My World View: Why my art is art
As a painter, an abstract artist, I might be expected not to take this view. However I assert that my paintings are well-made objects, using good sound materials and methods of manufacture for the support or substrate (canvas or board) and good artist materials for paint and mixing media.
My abstract mathematical designs have a theoretical basis, many (if not all) requiring advanced mathematics for their proper understanding (that is, topics not included in elementary mathematics courses). The colour schemes of my abstract mathematical designs are chosen so as to have interesting, and mostly almost universal, effects on the viewer; in doing so they illustrate somethng about the way the human eye and brain perceive and interpret things, and thus have some interest.
All these considerations add to the justification of my claim that these new paintings are indeed art. If none of them applied — if what I did was not of lasting materials, had no ideas behind it, had no interesting effects on people who looked at it, — then something else, something aside from all these aspects of work would need (in my view) to be adduced before I would accept it was more than fatuous "eclectic relativism" to claim that something was art.
As I have described my current line in art, one should be able to say something about every type of art that most people interested in art can understand and to some extent share. Debates about whether ephemeral art (anything that deteriorates fairly rapidly) and any other particular category of non-traditional work is "really" art will no doubt continue for a long time, but the proposition that anything any person says is art is thereby rendered into art by assertion is not one that I accept in those terms, even though some artists have said it of their work and that work can be said to be art by my vague definition of it (example: Dadaism). In short, there has to be some other je ne said quoi about it too.
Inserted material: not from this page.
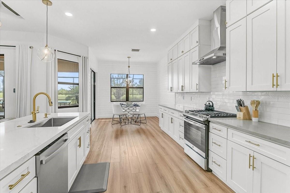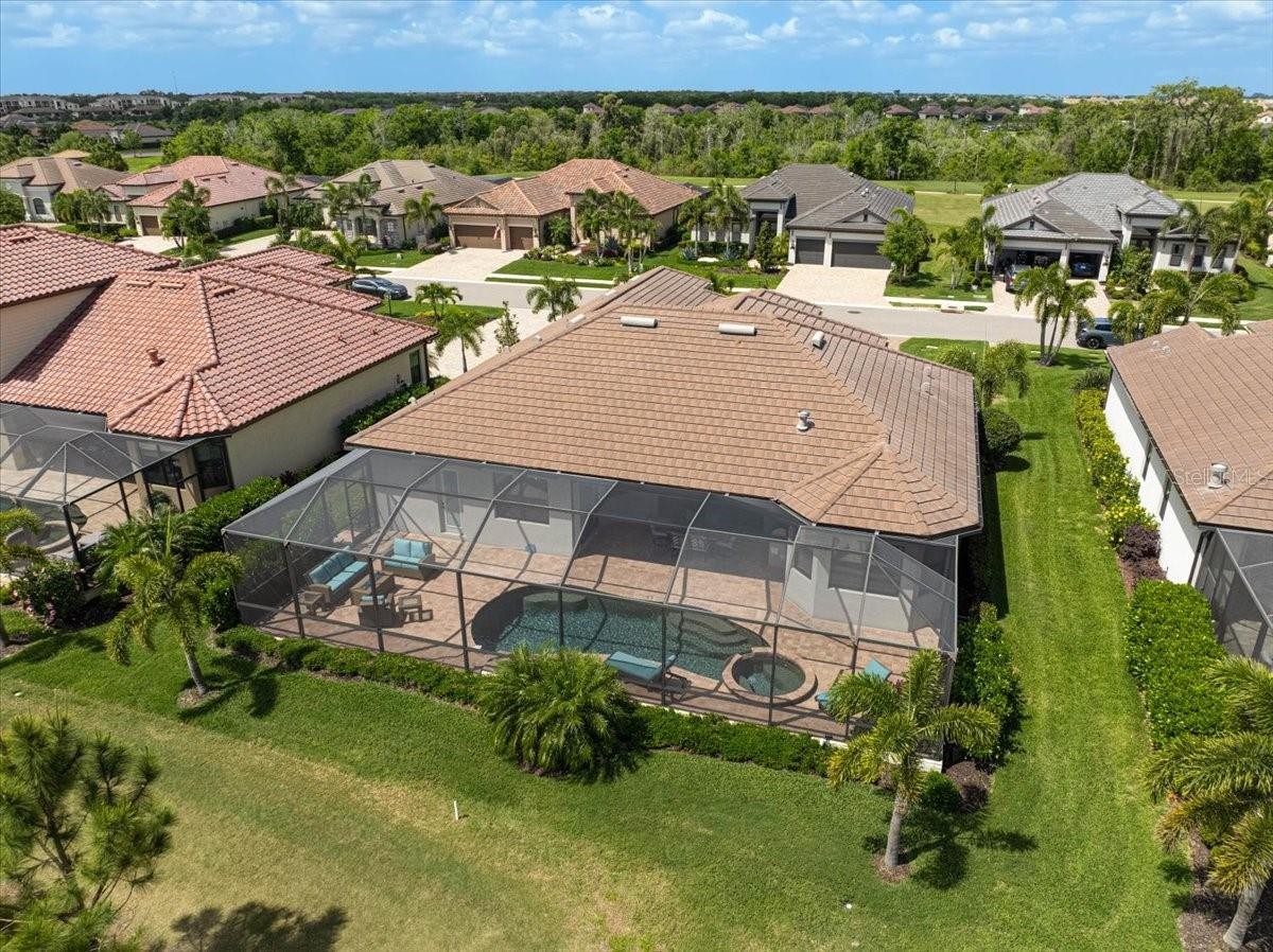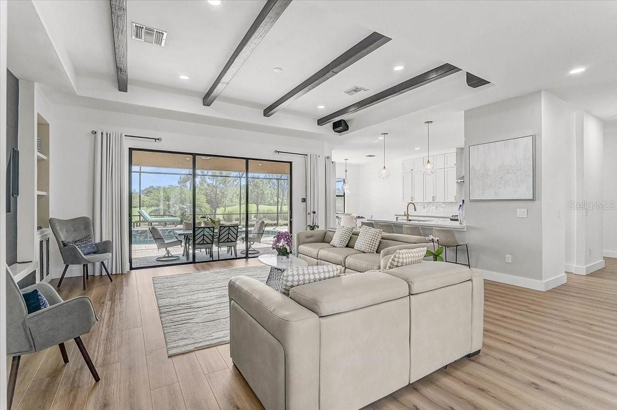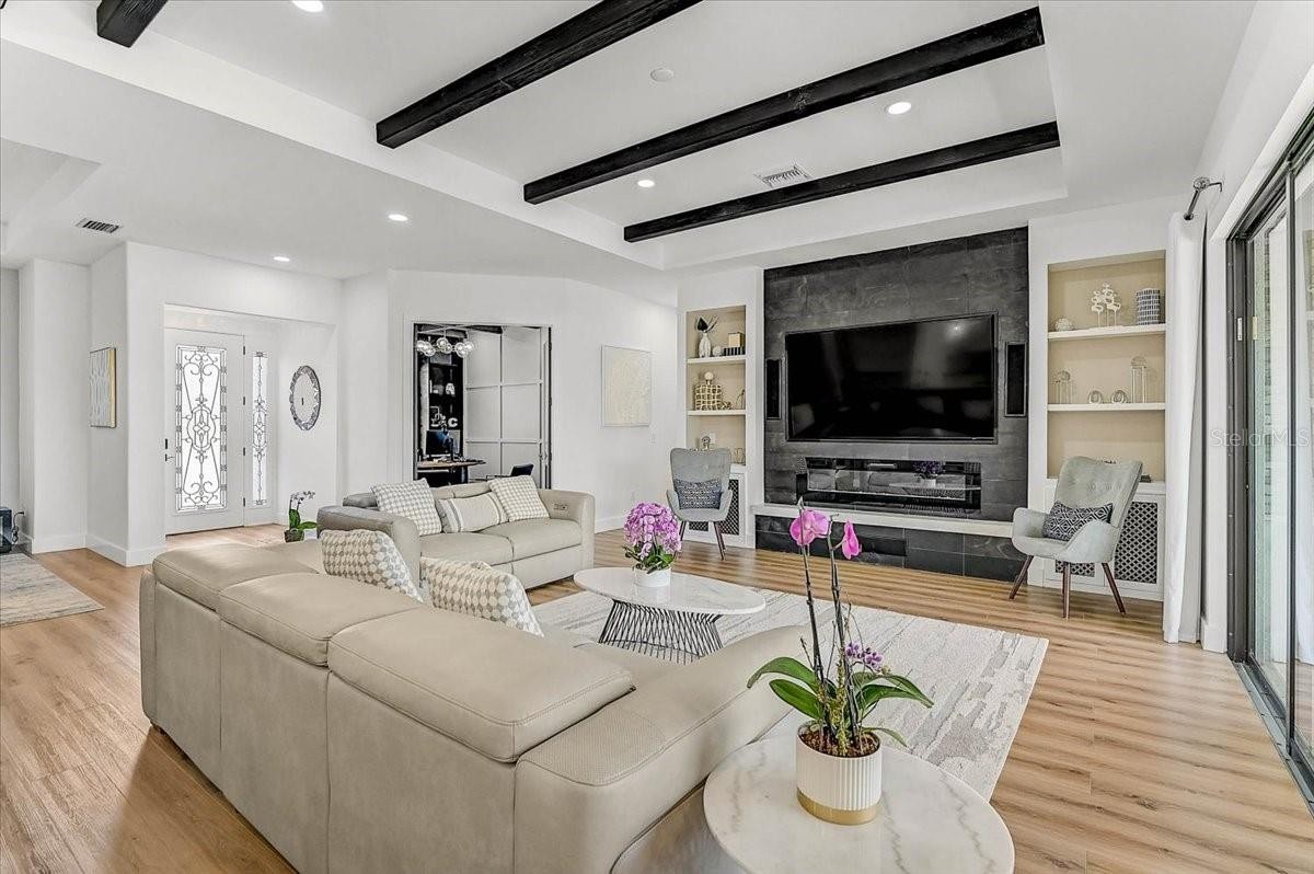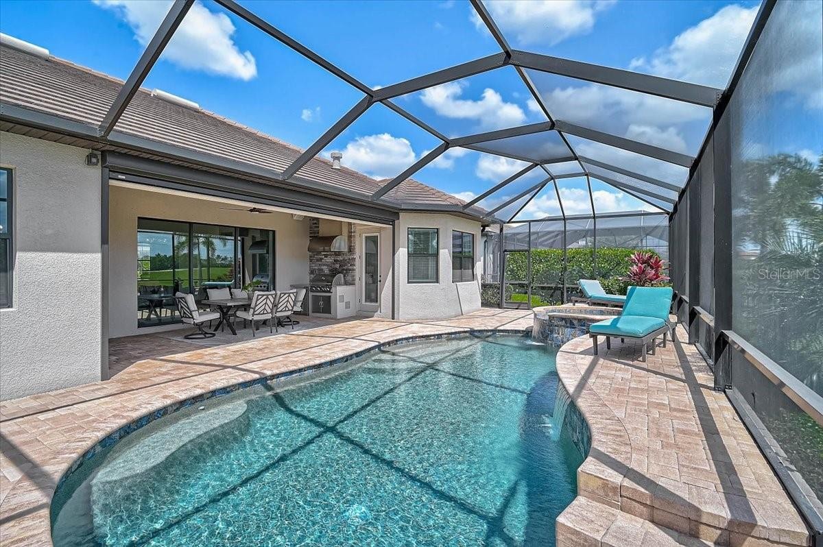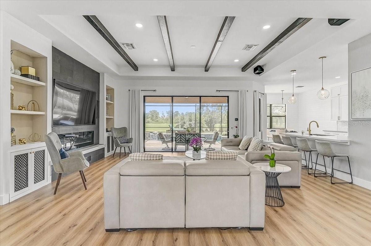 Stunning golf course residence offered TURNKEY FURNISHED, including GOLF CART! Enjoy breathtaking golf course views from this exceptional home featuring 3 Bedrooms + Den/Office, 3 Full Baths, and a 3-Car Garage. The family room is a true showpiece, highlighted by rich wood beams in the tray ceiling, custom built-in shelving, and a striking 6-foot electric fireplace as the focal point. Just off the family room, a beautifully updated home office is filled with natural light—ideal for remote work or a quiet retreat. The gourmet kitchen is designed to impress, featuring stone countertops, farmhouse sink, stainless steel appliances, tile backsplash, and elegant gold fixtures and hardware. Entertain effortlessly in the formal dining room, showcasing a stunning mother-of-pearl accent wall that will captivate your guests. The luxurious primary suite offers a spacious walk-in closet and a spa-inspired bath complete with soaking tub, custom-tiled shower, and dual vanities. Additional highlights include new lighting, a new lanai hurricane screen system, and custom built-ins, reflecting thoughtful upgrades throughout the home. Step outside to your screened, paver lanai and experience the best of Florida living. This outdoor oasis features a Heated Pool and Spa, fully equipped Outdoor Kitchen, and tranquil golf course views—perfect for relaxing or entertaining in complete privacy. Located in Lakewood National Golf Club, a premier bundled golf community offering two Arnold Palmer-designed championship courses and exceptional amenities, including tennis, pickleball, bocce, fitness center, tiki bar, and an impressive 28,000 sq ft clubhouse. Experience resort-style living at its finest!

However, it is quite difficult to find anything that would have no interest; but let me try. Suppose that at a certain art school a whole lot of people took it into their heads to offer as exhibits dirty breakfast plates festooned with cobwebs. The first person who did so might claim some interest. But even if a few others could find variations, such as dirty curry dinner plates, or floor fluff instead of cobweb; when the tenth one came along offering a dirty plate with some household dirt across it, one would be entitled to say: "this is not art; it is merely evidence of failure to do housework!"